— RECORDED INFORMATION —

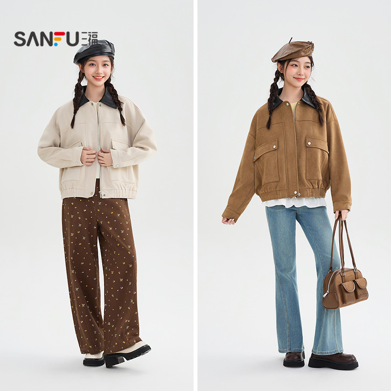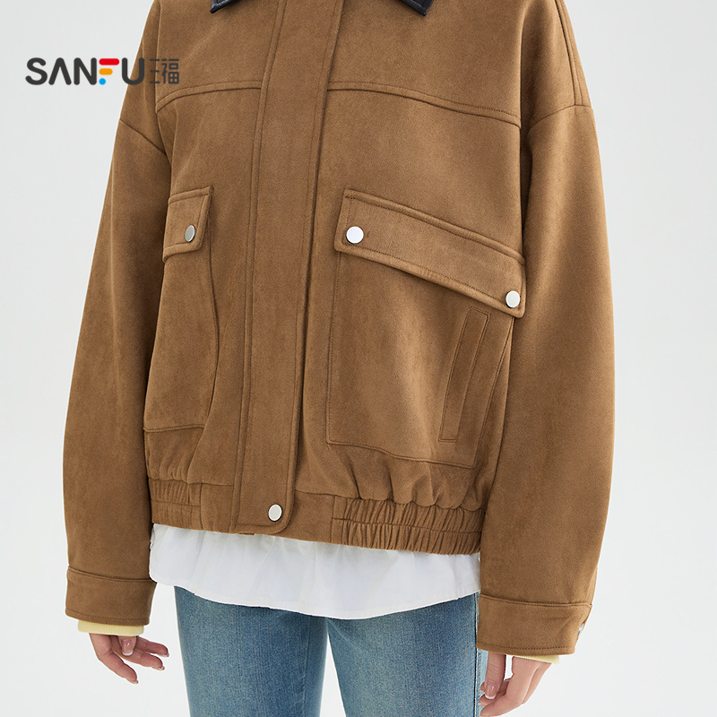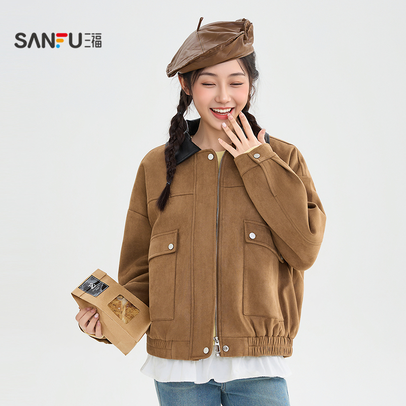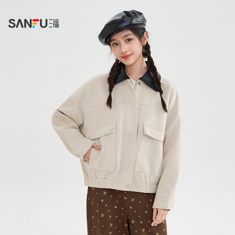 三福外套2025新款冬季复古拼接皮翻领松紧下摆宽松夹克女装510464,广东 广州
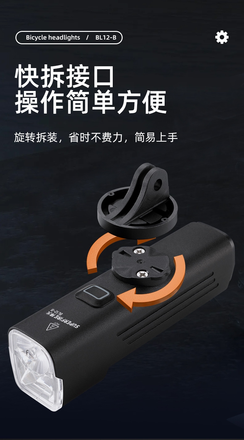 聚光主灯 亮度随心 轻按后端开关按钮,主灯强光点亮,续按依次切换主灯工作光-爆闪光。主灯开启状态下长按5秒,可实现光源色温转换。主灯关闭状态下长按5秒,可开启灯具最亮照明模式。 爆亮强光 亮如白昼 1500LM大功率高亮光源,点亮顷刻如白昼
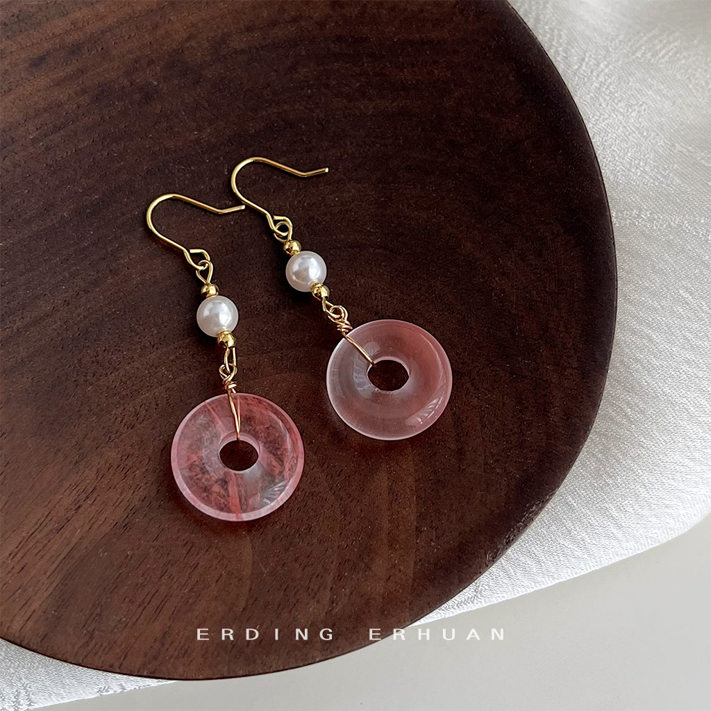 新中国式天然石楠紅円形長金国潮手作平安ボタン長金流蘇高級感春夏耳飾り
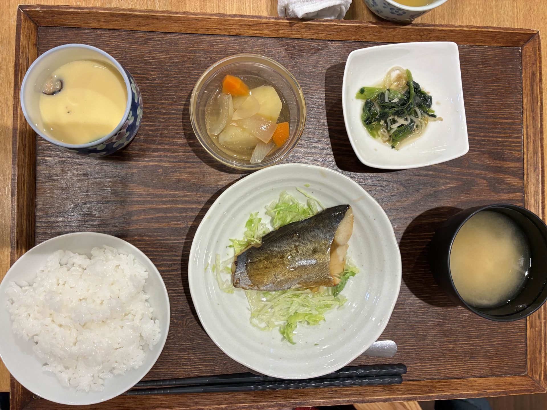 付け合わせは、ごはん・ツナじゃが煮・もやしのお浸し・味噌汁・茶碗蒸しです。
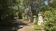 Når man nærmer sig kirkegårdens centrum, udvides hovedstien og slutter til sidst ved et monumentalt stenkirkegårdskors, der forestiller Jesus Kristus korsfæstet. Forsiden af piedestalen bærer indskriften "Jeg er opstandelsen og livet" (Johannesevangeliet 11:25). Området med skaktgravene ligger på begge sider af denne del af alléen. I stedet for de tidligere gravrækker ses her enge med træer og buske. Kun et par erindringsgravsten minder om de talrige begravede her.
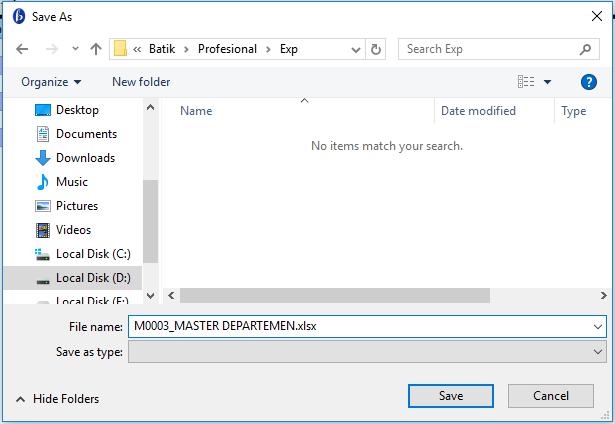 2. Maka muncul jendela untuk menyimpan file export, pilih folder kemudian isi nama file dan extention file kemudian klik Save untuk menyimpan.
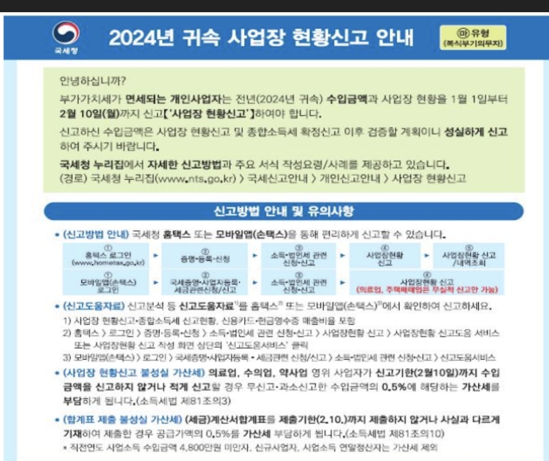 사업장현황신고면세사업자들이 전년도 사업실적을 신고하는 제도입니다
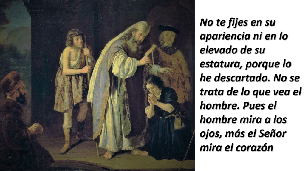 En la primera lectura, del primer libro de Samuel, nos encontramos con la figura del rey David, uno de los personajes más importantes de la historia del pueblo de Israel, junto a Abraham y Moisés. David a pesar de sus pecados fue un rey según el corazón de Dios. En la lectura de hoy, el profeta Samuel, recibe el encargo de buscar sucesor al rey Saúl, a pesar de que este aún vivía. De los hijos de Jesé, los mayores parecían favoritos para ocupar el cargo de rey, pero dios tiene una manera de pensar distinta, no juzga por las apariencias, la esbeltez y la fuerza en este caso pasa a un segundo plano, sino que Dios ve el corazón de la persona, y elige precisamente al hermano menor, al más joven, a David, se fija en lo pequeño, lo despreciable, lo débil para llevar a cabo su obra de salvación. Samuel, lo mismo que antes había ungido al rey Saúl, ahora unge a David. La unción tiene el significado de la fuerza y salud que Dios otorga al elegido para la misión encomendada, una vez ungido “invadió a David el Espíritu del Señor”. El salmo nos recuerda que el verdadero pastor, el autentico es Dios mismo “El Señor es mi pastor, nada me falta, … nada temo porque tú vas conmigo”
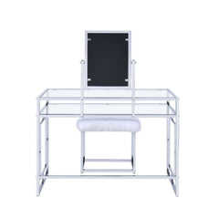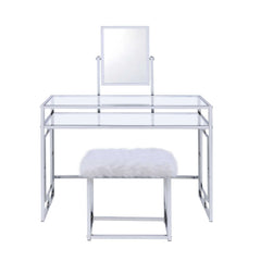 Offering plenty of storage with its contemporary style, this Carenze II vanity desk with 1 open compartment & tilt mirror is a perfect choice for getting ready in the morning. Image sitting down in front of this lovely vanity desk to apply your makeup and do the grooming while the sunlight shine in through the window, isn't it wonderful? Manufactured with chrome metal and covered with chrome & white fur, this vanity set combines elegance with fashion. Coordinate with its matching stool, it will moreover add superiority to your room.
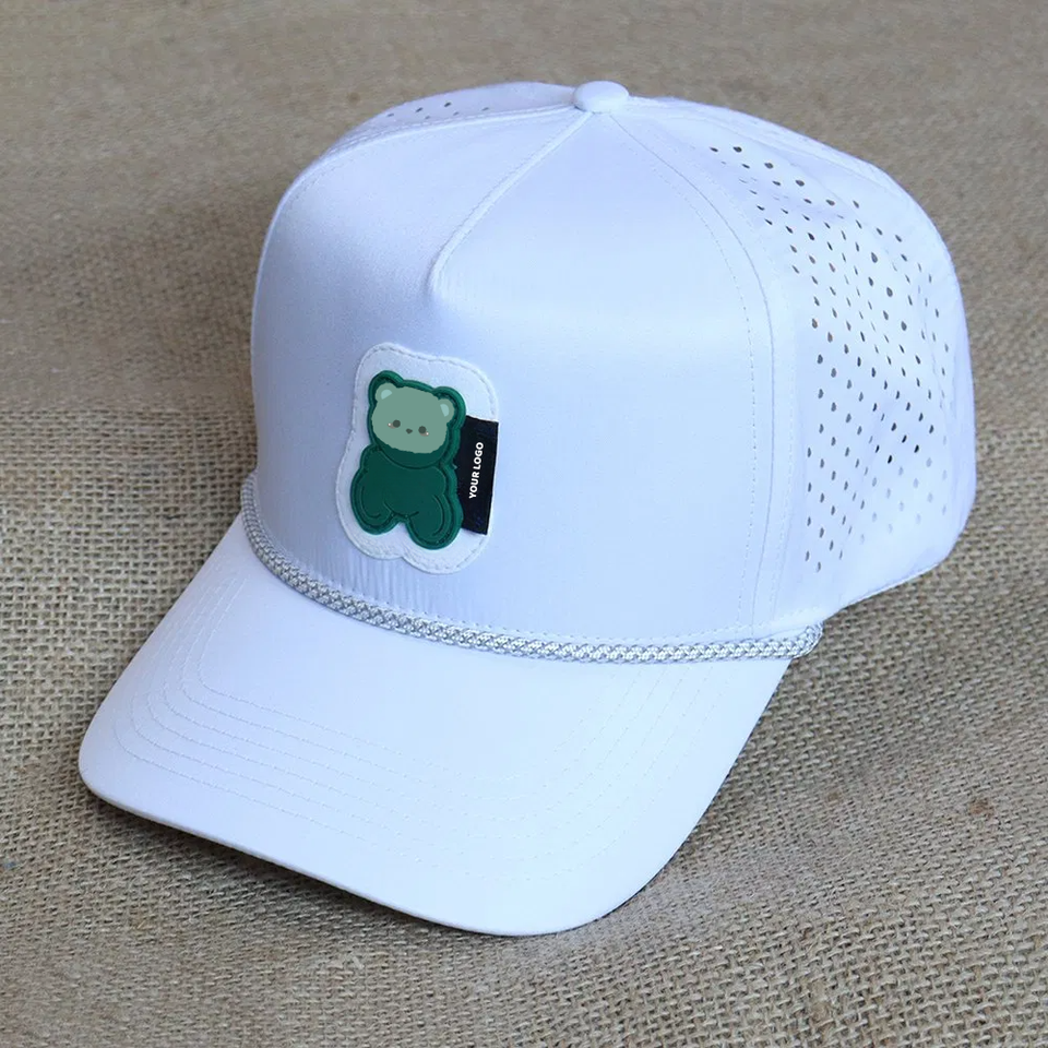 VN หมวกกอล์ฟยางพีวีซี5แผงพร้อมรูตัดด้วยเลเซอร์หมวกเบสบอลกันน้ำที่มีชื่อป้ายเชือกพลาสติกด้านหลัง
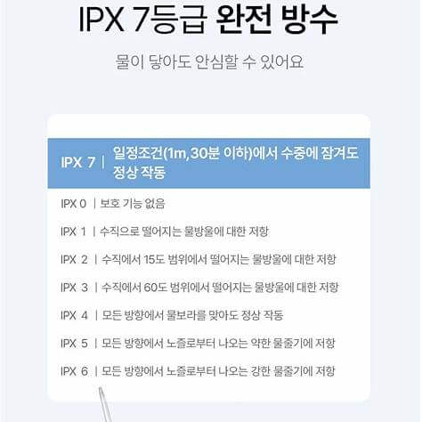 - 방수 등급: IPX7 등급으로 욕실 사용에 적합
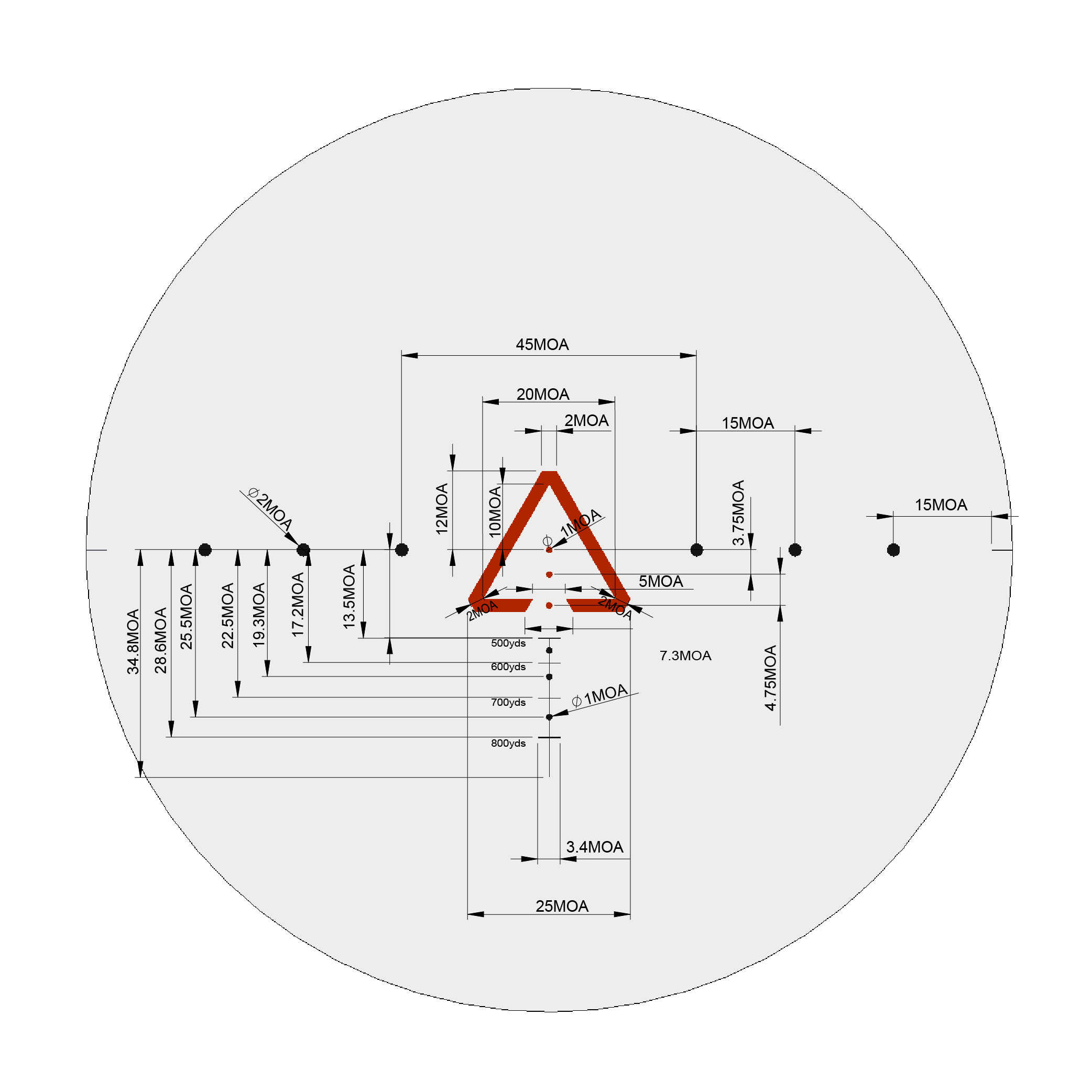 Luneta RW1 MOA TORERO została wyposażona w siatkę celowniczą MRB-W, która zawiera kropkę 1 MOA otoczoną okręgiem 4 MOA. Każda podziałka na siatce odpowiada 1 MOA na poziomej skali, co umożliwia precyzyjne korekty strzału.
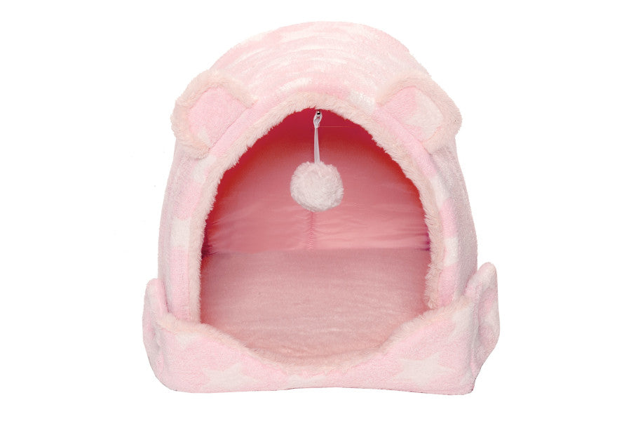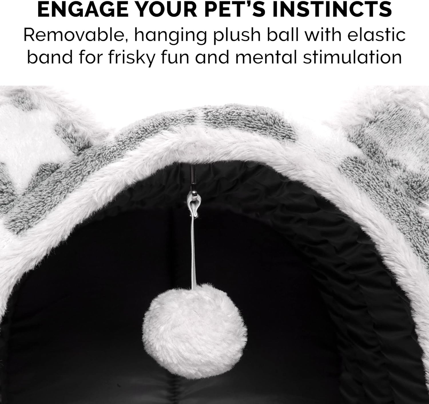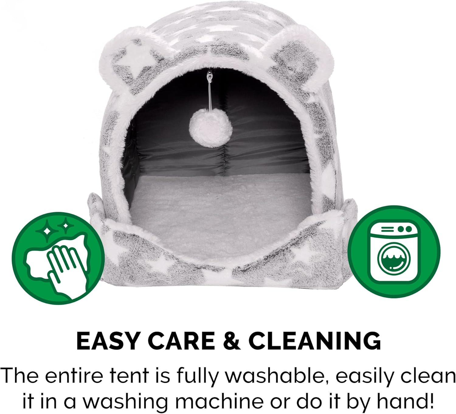 Furhaven Cat Bed Snuggle Hideout for Indoor Cats & Small Dogs, Washable & Foldable w/ Plush Ball Toy - Snuggle Hideout-Bear Pet Tent, Small
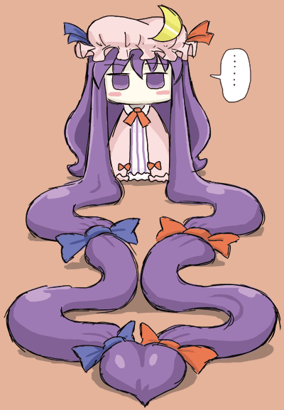 1girlchibicrescentcrescent hat ornamentfemale focushair ribbonhathat ornamentlong hairpurple eyespurple hairribbonsimple backgroundsolovery long hair
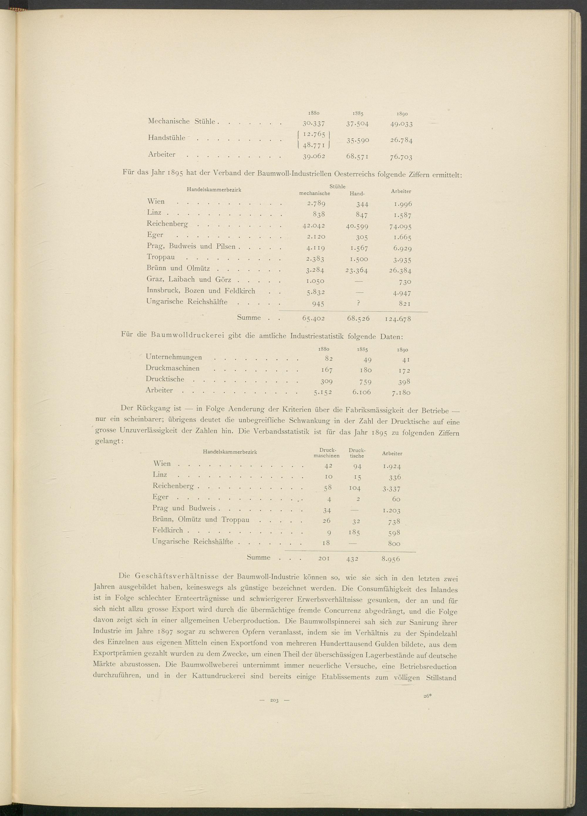 Für das Jahr 1895 hat der Verband der Baumwoll-Industriellen Oesterreichs folgende Ziffern ermittelt:

— WORK INSTRUCTION —
Exactly as written, copy out the listing, but without any pictures.

— EXERCISE RESULT —
 三福外套2025新款冬季复古拼接皮翻领松紧下摆宽松夹克女装510464,广东 广州
 聚光主灯 亮度随心 轻按后端开关按钮,主灯强光点亮,续按依次切换主灯工作光-爆闪光。主灯开启状态下长按5秒,可实现光源色温转换。主灯关闭状态下长按5秒,可开启灯具最亮照明模式。 爆亮强光 亮如白昼 1500LM大功率高亮光源,点亮顷刻如白昼
 新中国式天然石楠紅円形長金国潮手作平安ボタン長金流蘇高級感春夏耳飾り
 付け合わせは、ごはん・ツナじゃが煮・もやしのお浸し・味噌汁・茶碗蒸しです。
 Når man nærmer sig kirkegårdens centrum, udvides hovedstien og slutter til sidst ved et monumentalt stenkirkegårdskors, der forestiller Jesus Kristus korsfæstet. Forsiden af piedestalen bærer indskriften "Jeg er opstandelsen og livet" (Johannesevangeliet 11:25). Området med skaktgravene ligger på begge sider af denne del af alléen. I stedet for de tidligere gravrækker ses her enge med træer og buske. Kun et par erindringsgravsten minder om de talrige begravede her.
 2. Maka muncul jendela untuk menyimpan file export, pilih folder kemudian isi nama file dan extention file kemudian klik Save untuk menyimpan.
 사업장현황신고면세사업자들이 전년도 사업실적을 신고하는 제도입니다
 En la primera lectura, del primer libro de Samuel, nos encontramos con la figura del rey David, uno de los personajes más importantes de la historia del pueblo de Israel, junto a Abraham y Moisés. David a pesar de sus pecados fue un rey según el corazón de Dios. En la lectura de hoy, el profeta Samuel, recibe el encargo de buscar sucesor al rey Saúl, a pesar de que este aún vivía. De los hijos de Jesé, los mayores parecían favoritos para ocupar el cargo de rey, pero dios tiene una manera de pensar distinta, no juzga por las apariencias, la esbeltez y la fuerza en este caso pasa a un segundo plano, sino que Dios ve el corazón de la persona, y elige precisamente al hermano menor, al más joven, a David, se fija en lo pequeño, lo despreciable, lo débil para llevar a cabo su obra de salvación. Samuel, lo mismo que antes había ungido al rey Saúl, ahora unge a David. La unción tiene el significado de la fuerza y salud que Dios otorga al elegido para la misión encomendada, una vez ungido “invadió a David el Espíritu del Señor”. El salmo nos recuerda que el verdadero pastor, el autentico es Dios mismo “El Señor es mi pastor, nada me falta, … nada temo porque tú vas conmigo”
 Offering plenty of storage with its contemporary style, this Carenze II vanity desk with 1 open compartment & tilt mirror is a perfect choice for getting ready in the morning. Image sitting down in front of this lovely vanity desk to apply your makeup and do the grooming while the sunlight shine in through the window, isn't it wonderful? Manufactured with chrome metal and covered with chrome & white fur, this vanity set combines elegance with fashion. Coordinate with its matching stool, it will moreover add superiority to your room.
 VN หมวกกอล์ฟยางพีวีซี5แผงพร้อมรูตัดด้วยเลเซอร์หมวกเบสบอลกันน้ำที่มีชื่อป้ายเชือกพลาสติกด้านหลัง
 - 방수 등급: IPX7 등급으로 욕실 사용에 적합
 Luneta RW1 MOA TORERO została wyposażona w siatkę celowniczą MRB-W, która zawiera kropkę 1 MOA otoczoną okręgiem 4 MOA. Każda podziałka na siatce odpowiada 1 MOA na poziomej skali, co umożliwia precyzyjne korekty strzału.
 Furhaven Cat Bed Snuggle Hideout for Indoor Cats & Small Dogs, Washable & Foldable w/ Plush Ball Toy - Snuggle Hideout-Bear Pet Tent, Small
 1girlchibicrescentcrescent hat ornamentfemale focushair ribbonhathat ornamentlong hairpurple eyespurple hairribbonsimple backgroundsolovery long hair
 Für das Jahr 1895 hat der Verband der Baumwoll-Industriellen Oesterreichs folgende Ziffern ermittelt:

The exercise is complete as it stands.